When should you use a blockchain? Almost never.
Karl Wüst and Arthur Gervais neatly summed up the point of a blockchain more elegantly than I ever could in Do you need a blockchain?:
[Blockchains allow] mutually mistrusting entities to exchange financial value and interact without relying on a trusted third party.
If you’re considering building a blockchain-based app or investing in a blockchain-based startup, first ask yourself, does the problem being solved require interactions or exchanges of financial value between mutually mistrusting entities? “Mistrusting” is meant both in the sense that you’re unable to establish another entity’s identity and also that you don’t trust that entity with your data. If not, then guess what: you don’t need a blockchain!
Look at the following flow chart from the same article, summarizing the process that you should follow for deciding whether blockchains are appropriate for your solution:
- “State” here means data
- “Writer” effectively means a user
- “TTP” means “trusted third party” (e.g., an individual, corporation, government) who can be trusted with your data
- Example: when you use Facebook, the state includes your feed and posts, the writer is you and the TTP is Facebook
The vast majority of apps end at step two or three of the flowchart. Meaning that you don’t need a blockchain.

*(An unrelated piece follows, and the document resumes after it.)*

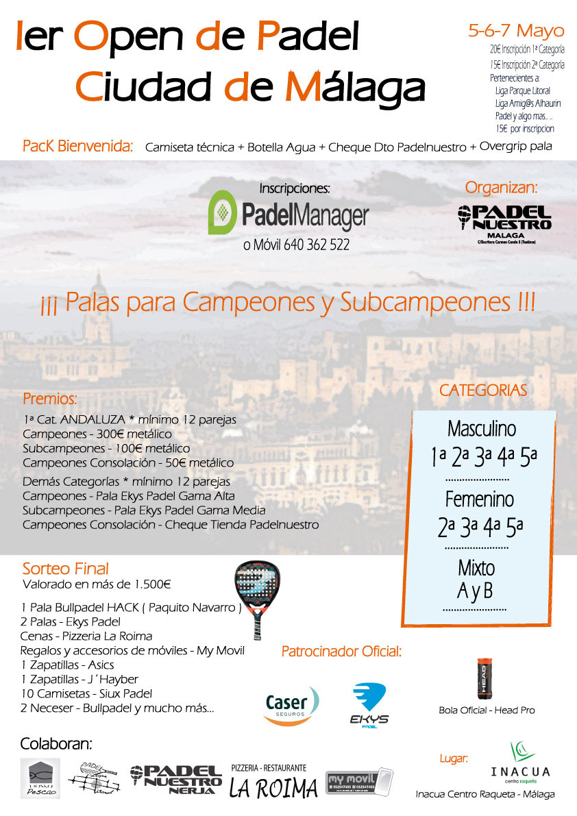INACUA Centro Raqueta Ier Open Ciudad de Málaga 6-7 Mayo

Blockchain hype vs. cryptocurrency promise
So then why are there so many blockchain startups appearing? Two words: hype and monetization. The hype around blockchains makes fundraising easier if you’ve got one.
The monetization part is more interesting. By basing your company off of a blockchain, you’re effectively creating a self-contained monetary system, the scarce tokens of which can be exchanged for real money. ICO’s are one way of exploiting this exchangeability, but I sense that we’ve only scratched the surface. The real sea change will be when we stop thinking of apps as products or services that we sell, but rather as interlinked, miniature economies that we profitably participate in — and probably skim off of.
The potential for “apps as economies” is one of the reasons why I’m long on cryptocurrencies, but we’re not there yet. You can’t buy your milk and bread with ether yet. Until that day, blockchains merely offer an inferior technical solution that incurs greater operational complexity, far slower transaction speeds, and a radically new (and relatively untested) security model than traditional distributed web apps.*
- with the exception of a few applications that meet the criteria of the flowchart above (e.g., Bitcoin, Ethereum, Stellar).